The issue is the 0.765 is actually the name of your data.frame column.

Your data frame being doc.tables[[2]]

You can grab the name by calling names(doc.tables[[2]])[2])

store that as a variable like name <- names(doc.tables[[2]])[2])

then you can grab the 0,80 by using doc.tables[[2]][[2]], store that as a variable if you like.

Final code should look like... my_list <- list(name, doc.tables[[2]][[2]])

CodePudding user response：

This is building on Jahi Zamy’s observation that some of your data are showing up as column names and on the example code in the question.

library(httr)
library(XML)

# getting website data:
link <- "https://www.tradegate.de/orderbuch.php?isin=US13200M5085"
document <- htmlParse(GET(link, user_agent("Mozilla")))

# readHTMLTable() assumes tables have a header row by default,
# but these tables do not, so use header=FALSE
doc.tables <- readHTMLTable(document, header=FALSE)

# Extract column from BID/ASK table
BidAsk = doc.tables1[[2]][,2]
# Replace commas with point decimal separator
BidAsk = as.numeric(gsub(",", ".", BidAsk))
# Convert to numeric
BidAsk = as.numeric(BidAsk)

CodePudding user response：

Here is a way with rvest, not package XML.
The code below uses two more packages, stringr and readr, to extract the values and their names.

library(httr)
library(rvest)
library(dplyr)

link <- "https://www.tradegate.de/orderbuch.php?isin=US13200M5085"

page <- read_html(link)

tbl <- page %>%
  html_elements("tr") %>%
  html_text() %>%
  .[3:4] %>%
  stringr::str_replace_all(",", ".")

tibble(name = stringr::str_extract(tbl, "Ask|Bid"), 
       value = readr::parse_number(tbl))
#> # A tibble: 2 x 2
#>   name  value
#>   <chr> <dbl>
#> 1 Bid   0.765
#> 2 Ask   0.8

^{Created on 2022-03-26 by the reprex package (v2.0.1)}

Without saving the pipe result to a temporary object, tbl, the pipe can continue as below.

library(httr)
library(rvest)
library(stringr)
suppressPackageStartupMessages(library(dplyr))

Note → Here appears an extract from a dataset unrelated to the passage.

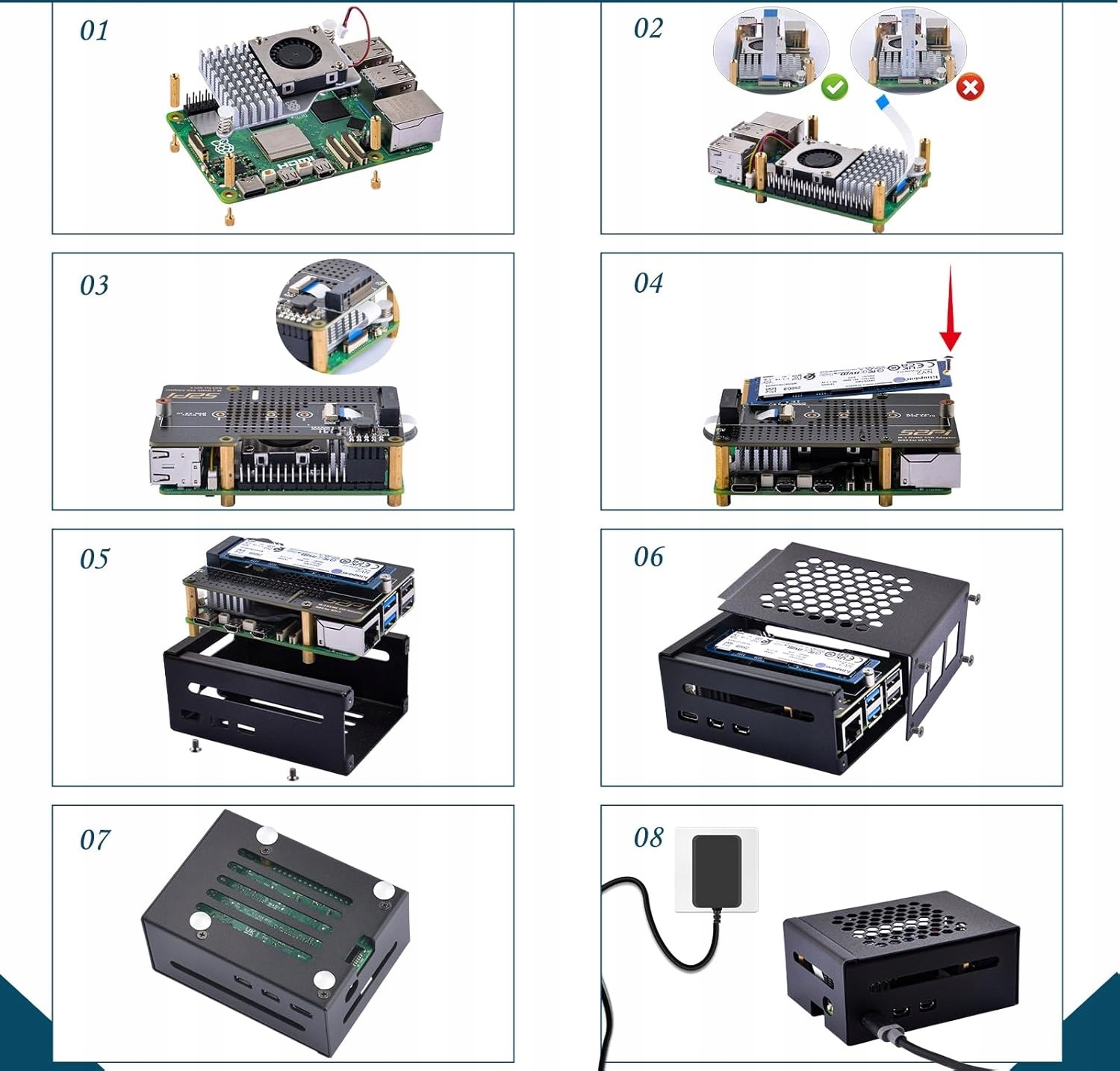 Zestaw startowy GeeekPi Raspberry Pi 5 8GB karta N04 M.2 NVMe SSD PCIe 27W

link <- "https://www.tradegate.de/orderbuch.php?isin=US13200M5085"

page <- read_html(link)

page %>%
  html_elements("tr") %>%
  html_text() %>%
  .[3:4] %>%
  str_replace_all(",", ".") %>%
  tibble(name = str_extract(., "Ask|Bid"), 
         value = readr::parse_number(.)) %>%
  .[-1]
#> # A tibble: 2 x 2
#>   name  value
#>   <chr> <dbl>
#> 1 Bid   0.765
#> 2 Ask   0.8

^{Created on 2022-03-27 by the reprex package (v2.0.1)}